Muharremi: “Four cases, four failures” — column challenges LVV voters
Writing in Nacionale, Shenoll Muharremi argues that Vetëvendosje voters must reconsider their support after a string of governance failures — an argument worth scrutinising.

PRISHTINA — In a column published by the Pristina-based outlet Nacionale, commentator Shenoll Muharremi advances a sharp thesis: voters of the Vetëvendosje Movement (LVV) ought to take a cold inventory of what they have gained from their political choice, and the result, in her telling, is a series of failures that demand “time for change”.
Muharremi enumerates four concrete cases — ranging from economic and social policy to relations with international partners and the management of state institutions — to support her claim that early enthusiasm for the Kurti government has turned into disenchantment. The column’s central argument is that political loyalty should not survive poor outcomes, and that Kosovo’s democracy needs sustained civic scrutiny rather than unconditional backing.
The piece sits within a long opinion tradition in Kosovo, in which journalists hold the governing party to account regardless of ideological sympathies. At Nacionale, this register frequently engages issues of transparency, public procurement and EU relations.
Context
Muharremi’s argument should be read against a long political cycle in which LVV has won successive mandates on robust pledges to fight corruption, restore the rule of law and renew institutions. Critics of the government argue that many of those pledges remain on paper; supporters counter that structural reforms take years, not months.
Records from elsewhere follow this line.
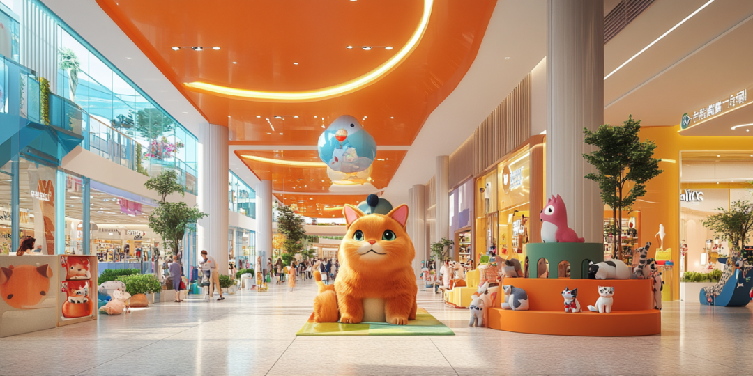 A場(chǎng)景:位于寵物友好購(gòu)物中心一層,連接室內(nèi)外區(qū)域有家寵物零售店,店門口提供寵物推車,貨品陳列展臺(tái)尤其是寵物玩具類展臺(tái)略高于寵物推車,與寵物視線基本持平。店鋪店員自帶友好氣質(zhì),對(duì)來訪寵物的主動(dòng)親親貼貼毫無抵抗力。店內(nèi)到處可見主人們各自推著小車帶著貓貓狗狗,三三兩兩聚在一起聊著自家寶貝的名字、習(xí)慣與性格。直接進(jìn)入商場(chǎng)或從店鋪進(jìn)入商場(chǎng)都無需回避安保人員的“眼神拷問”,符合城市飼養(yǎng)規(guī)范的寵物均可自由進(jìn)場(chǎng)。
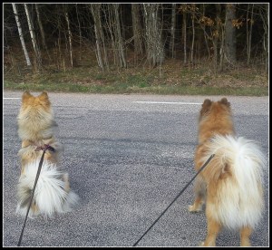 Att en liten söt ekorre kan vara så fantastisk rolig…. ja det är inte minsann alltid man förstår sig på sina hundar :). Efter att länge och väl stirrat ut ekorren kunde vi fortsätta vår kvällspromenad i relativt lugn om man bortser från ett och annat jättehopp av tjejerna ner i diket i förhoppningen om att fånga en mus ;). En vana som jag inte alltid uppskattar, speciellt inte när jag inte är beredd för då kan ni nog räkna ut själva vad som kan hända…….. 😉
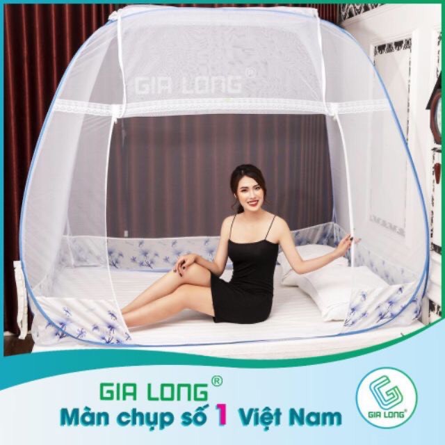 Giới thiệu Màn chụp tự bung chống muỗi Gia Long đỉnh vuông, màu trắng chân diềm hoa xanh hàng đẹp
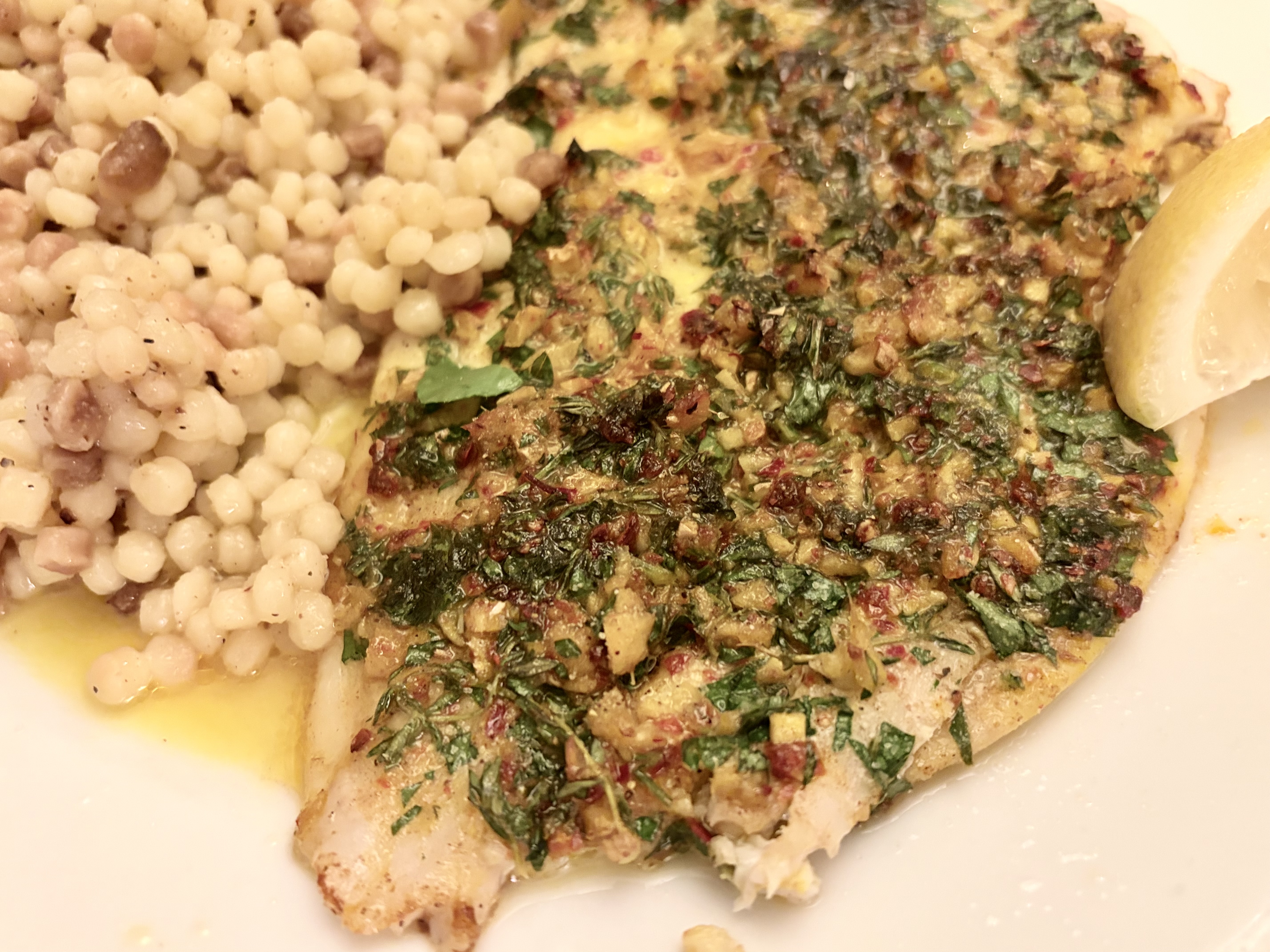 I’ve added a caramel orange dessert that I’ve been making for many years. This time I included cardamom instead of cinnamon and orange flower water, just because it seemed to be the thing to do. I wanted fruit, but there are no spring berries popping up yet in New York, and we’ve still got oranges. I thought this would be a good follow-up to the lemon sole, which I served with Israeli couscous seasoned with butter and a pinch of cinnamon.
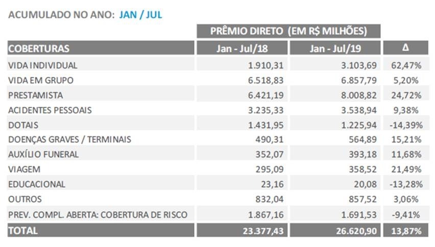 No acumulado dos sete primeiros meses do ano, o segmento de seguros de pessoas movimentou R$ 26,6 bilhões em prêmios, valor 13,87% maior que verificado em igual intervalo do ano anterior. O seguro prestamista foi a carteira que movimentou o maior volume de contratações, somando R$ 8 bilhões no período e crescimento de 24,72% no ano.

A balanced reading would acknowledge that some of the “failures” the author lists are contested rather than settled verdicts. Public policy is rarely two-toned; even so, her call for a cool-headed review of outcomes is legitimate, especially as polling shows declining civic confidence.
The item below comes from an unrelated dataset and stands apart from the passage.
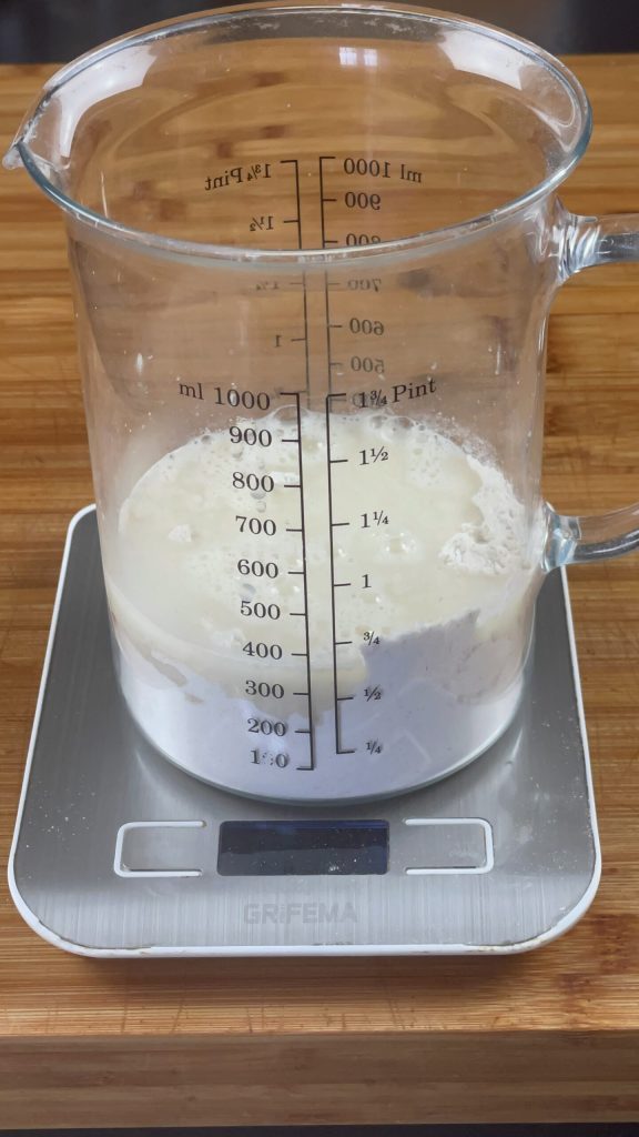 Coloque em uma tigela a farinha e o fermento, adicione a água e o leite em temperatura ambiente aos poucos, sempre mexendo.Uma vez obtida uma massa bem hidratada e homogênea, deixe-a crescer por pelo menos 2 horas (deve dobrar de volume).
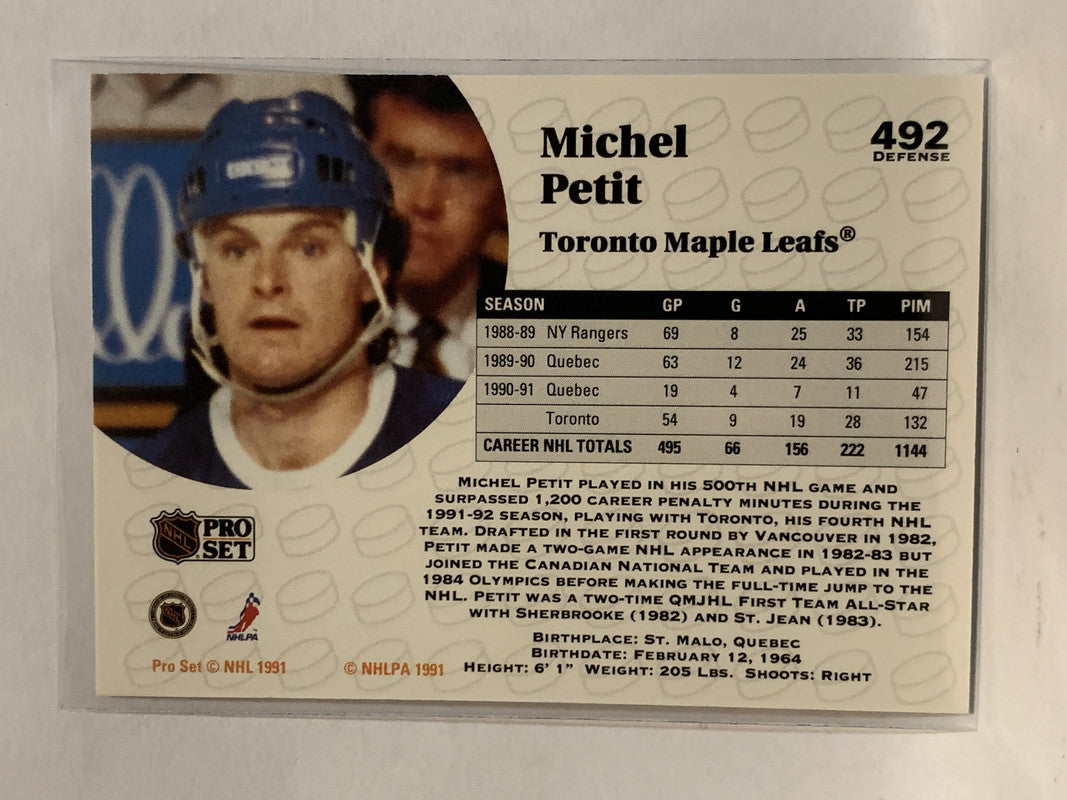 #492 Michel Petit Toronto Maple Leafs 1991-92 Pro Set Hockey Card

Paraphrasing Muharremi, citizens should not vote for a name or symbol, but for measurable results — and when those are absent, accountability falls on whoever holds power, not on the opposition.
What makes the column useful is less the catalogue of failures than its demand for a civic culture that judges governance against objective benchmarks. Whether or not one agrees with every point, the debate it provokes is a healthy feature of Kosovo’s democracy.